NextEra Energy posted a solid performance at NEE’s fourth-quarter earnings release in late January 2024. It has continued progressing in its core Florida Power & Light or FPL utilities business. Accordingly, FPL posted an “increase in adjusted EPS by 22 cents.” Furthermore, its ROCE has remained stable at 12.5% while it added more solar projects to its rate base, benefiting its push toward renewable energy. In addition, NextEra also posted “a record year of new renewables and storage origination” in NextEra Energy Resources or NER. The NER business is NextEra’s pure-play clean energy portfolio, focusing on wind, solar, and battery storage opportunities. Notwithstanding the challenging year for utilities and renewable energy companies, NER added about 9K megawatts to its backlog, bolstering its long-term strategy.

NextEra Energy registered an adjusted EPS of $3.17 for FY23, up 9.3%. It marked a significant deceleration from FY22’s 13.7% growth. NextEra management’s forward guidance suggests growth is expected to slow further this year but remains in line with its long-term outlook. Accordingly, NextEra anticipates its adjusted EPS to increase to a midpoint metric of $3.33 in FY24. However, the company clarified that it anticipates delivering “at or near the top of NEE’s adjusted earnings per share expectations ranges in each year through 2026.”

As a result, NextEra Energy thinks there’s sufficient earnings visibility over the medium term. It’s pivotal toward maintaining the confidence of its dividend investors, as it telegraphed a 10% YoY increase in dividends per share.

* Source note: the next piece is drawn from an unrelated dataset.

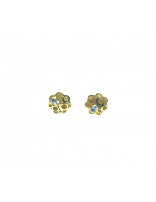 Los Pendientes "Flor Azul" son de Oro de Ley 18K. Tienen un precioso diseño en forma de flor calada con una piedra Aguamarina engastada en garra que aporta mucha luz. El tamaño es ideal con 0,9cm de diámetro y cierre de presión muy seguro. Se envía presentado en un estuche de piel de Joyería Beamar.

While its forward dividend yield of 3.7% is relatively attractive compared to its 10Y average of 2.7%, it’s much less appealing when compared to the 2Y (US2Y), as it last printed 4.54%. Hence, I assessed that NEE’s near-term thesis would likely depend on the market’s confidence in a faster-than-anticipated rate cut, improving the relative appeal of its proposition.

Despite that, NextEra Energy remains a long-term secular play into sustainable renewable energy generation, supported by its core FPL business. It is well-primed to benefit from the surge in energy demand from generative AI attributed to the insatiable data centers. Therefore, I assessed that NEE’s scale and expertise should position it well in riding the long-term recovery. With NEE valued at an adjusted forward EBITDA multiple of 12.7x, it’s still markedly lower than its 10Y average of 13.8x, bolstering its relative appeal.

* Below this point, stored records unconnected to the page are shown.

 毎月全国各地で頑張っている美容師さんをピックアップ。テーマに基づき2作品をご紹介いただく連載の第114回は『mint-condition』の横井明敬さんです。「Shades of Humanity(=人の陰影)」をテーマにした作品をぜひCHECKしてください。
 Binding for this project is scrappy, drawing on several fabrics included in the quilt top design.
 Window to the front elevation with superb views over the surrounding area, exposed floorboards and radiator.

NEE price chart (long-term, monthly, adjusted for dividends)

NEE price chart (long-term, monthly, adjusted for dividends) (TradingView)

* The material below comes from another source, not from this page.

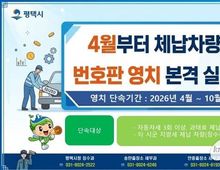 (케이엠뉴스) 평택시는 자동차세 및 차량 관련 과태료를 상습적으로 미납한 체납 차량을 대상으로 오는 4월부터 번호판 영치 단속을 본격 실시한다고 밝혔다. 이번 단속은 지난 3월 한 달간 운영된 ‘사전예고 및 자진납부 안내 기간’이 종료됨에 따라 시행되는 후속 조치다. 시는 그동안 카카오 알림톡 등 다양한 비대면 채널을 통해 체납 사실을 안내하고 자진 납부를 유도한 결과, 사전 예고 기간 동안 총 5076명, 약 11억 5900만 원의 자동차세 체납액이 징수되는 성과를 거뒀다. 그럼에도 불구하고 여전히 납부하지 않은 고액·상습 체납자를 대상으로 강력한 행정 제재에 나설 방침이다. 집중 단속 대상은 자동차세를 3회 이상 체납했거나, 2회 이상 체납과 동시에 지방세·세외수입 체납액이 일정 금액 이상인 고액·상습 차량이다. 이번 단속은 관내 등록 차량은 물론 타 지자체 등록 차량에 대해서도 ‘징수촉탁’ 제도를 활용해 예외 없는 단속을 진행한다. 특히 단속부서들의 실시간 체납 정보 공유 시스템을 가동해 현장 단속의 효율성을 높이고, 영치된 차량은 체납액을 전액 납부해야만 번호판을 반환받을 수 있도록 엄격히 관리할 계획이다. &nbs

As seen above, NEE’s price action suggests that its October 2023 lows have been well-defended by dip-buyers at the $46 level. However, the early recovery toward December 2023 has lost momentum as the 10Y (US10Y) bottomed out. Therefore, it appears that NEE’s buying sentiments are still influenced by the level and extent of the Fed’s rate cuts. With the Fed expected to provide its outlook this month, I assessed near-term sentiments on NEE are expected to remain uncertain and volatile.

However, I’m confident that NEE’s relatively attractive valuation and constructive price action predicated on its October long-term bottom should attract robust buying support at the current levels.

Rating: Maintain Buy.

Important note: Investors are reminded to do their due diligence and not rely on the information provided as financial advice. Please always apply independent thinking and note that the rating is not intended to time a specific entry/exit at the point of writing unless otherwise specified.